I am not quite unlike a four year old whenever I go shopping. Unless I'm in a hurry. Then it's to be said I am more like that nasty old lady whole will beat you with her purse within an inch of your life because you decided it would be a good idea to take up the whole aisle with your friend and your shopping cart. But mostly, I am four because I pick. up. everything.
Prince and I went for a walk today. We walked over to Hastings and to the grocery store in search of dinner and a movie. And I must say, sometimes he can be a total downer. We walked passed the market where enormous cardboard boxes full of watermelons sat outside. Prince remarked about his lack of interest in said fruit and I reached out and touched them yelling "He didn't mean it!"
It is almost summer you know, and watermelons are the staple melon of summer. So juicy and delicious, I could just live off of watermelon during the summer.
And then we had to walk passed Michael's, and let it just be said that I could live at Michael's. I even applied for a job there. But of course, there was loads of summery supplies sitting in bins outside. Flip flops and plastic buckets and shovels. I started picking up this item and that item, saying how for all the world I'd love to go to the beach. That really is the best part about summer, the beach.
I felt Prince's fingers firmly grasp my arm and I was forced to relinquish the plastic bucket back into the bin, while again hearing about how I just had to be four years old. He dragged me passed Joann's Fabric and then RiteAid. RiteAid boasted huge displays of spring time blossoms. Pinks and whites and yellows all flooded my vision, and the smells! Oh the flowers smelled so delicious! I stooped down the pushed my nose into the blooming bouquets so I could relish in the deeply fragrant flowers, and I wished for the hundredth time that someone would find it in his heart to buy me one.
In my heart of hearts I knew I would probably viciously murder any plant that found it's way into my house, though. My mother is a plant killer and I feel as though I probably would be no better. Mostly it's just a forgetfulness of the need plants have for water. I mean, who drinks water anymore? Anyway, Prince chuckled at my request to buy one, and we moved on plantlessly.
The sun was shining and I was really beginning to regret my decision to wear a sweatshirt as we walked passed stores and restaurant fronts talking about this, that and the other thing. We finally got to Hastings, and there was a large plastic cup rack just outside the entrance. You know the kind, all colorful and kid like with different names in giant bubble letters loudly and vibrantly declaring that the mug exists for a person named so particularly?
I walked right up to the rack and my favorite of all favorite boy names, Gabriel was right up front and center. I really want to name my future son Gabriel, after the messenger angel. My mom always scoffs and tells me I'll have to marry a Latino guy if I want to name my son Gabriel. To that I say loudly and defiantly "Whatever Mom. He's gonna be my kid, not yours." Funnily enough I have no girls names picked out. When Prince and I were serious, he liked the name Jora for a girl, but good luck finding that on a mug or a keychain. I still think it's a really pretty name though.
I picked through all the mugs, looking them up and down. Prince had to pry me away from them, complaining yet again that I was such a preschooler. I just had to touch everything. And oh but I do! I pick everything up, look it over and put it back down again in order to move on to the next thing. It's part of my nature. I'm very much a "look at everything from all sides" kind of girl and not really a "take everything at face value" kind of person.

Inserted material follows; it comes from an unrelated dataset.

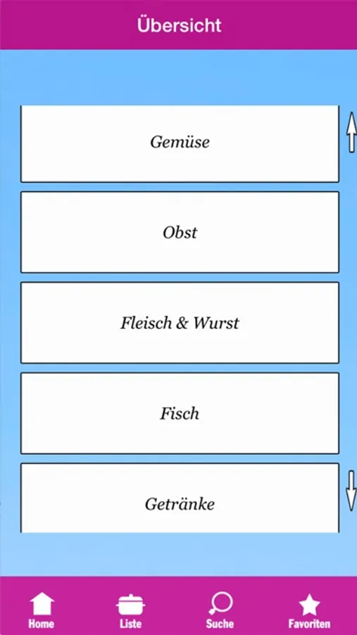 Gemüse, Früchte, Fleisch und Wurst, Fisch und Meeresfrüchte... - dank einer praktischen Aufteilung in Kategorien finden Sie sofort alle Informationen, die Sie benötigen!

If my mother taught me one thing, it's that you always ask questions. I never just do something because someone somewhere said it's what needed to be done. I always ask why. I have to find out the reason it's done this way. Why don't we do it another? What about thinking about it from this angle? What do you mean, you didn't ask how come? I remember getting constantly frustrated with Prince after he would tell me about something his mom told him and I would ask why this and why that and he had no answers.
I can't imagine just taking things as they come and not questioning them. You learn by asking questions and making mistakes. So why on Earth would you just sit there and let life hand you things without ever asking why you were being given this or that? It makes no sense. It's like walking into a shop and buying something without knowing what you're getting. Why would you do that?
So I touch things and move stuff. I pick up things and examine them. I ask why. I ask why not. Consequently, I also have a pretty good immune system. Probably because I'm not really afraid of getting my hands dirty. When Prince first moved away to college he was sick all the time. I'm convinced it's because his crazy mother keeps her house completely sterile and void of any sort of dirt or uncleanliness whatsoever.
It's not bad to have a clean house, and I also don't think it's bad to pick everything up in a store. Curiosity may have killed the cat you know, but what they don't ever tell you is that satisfaction brought it back.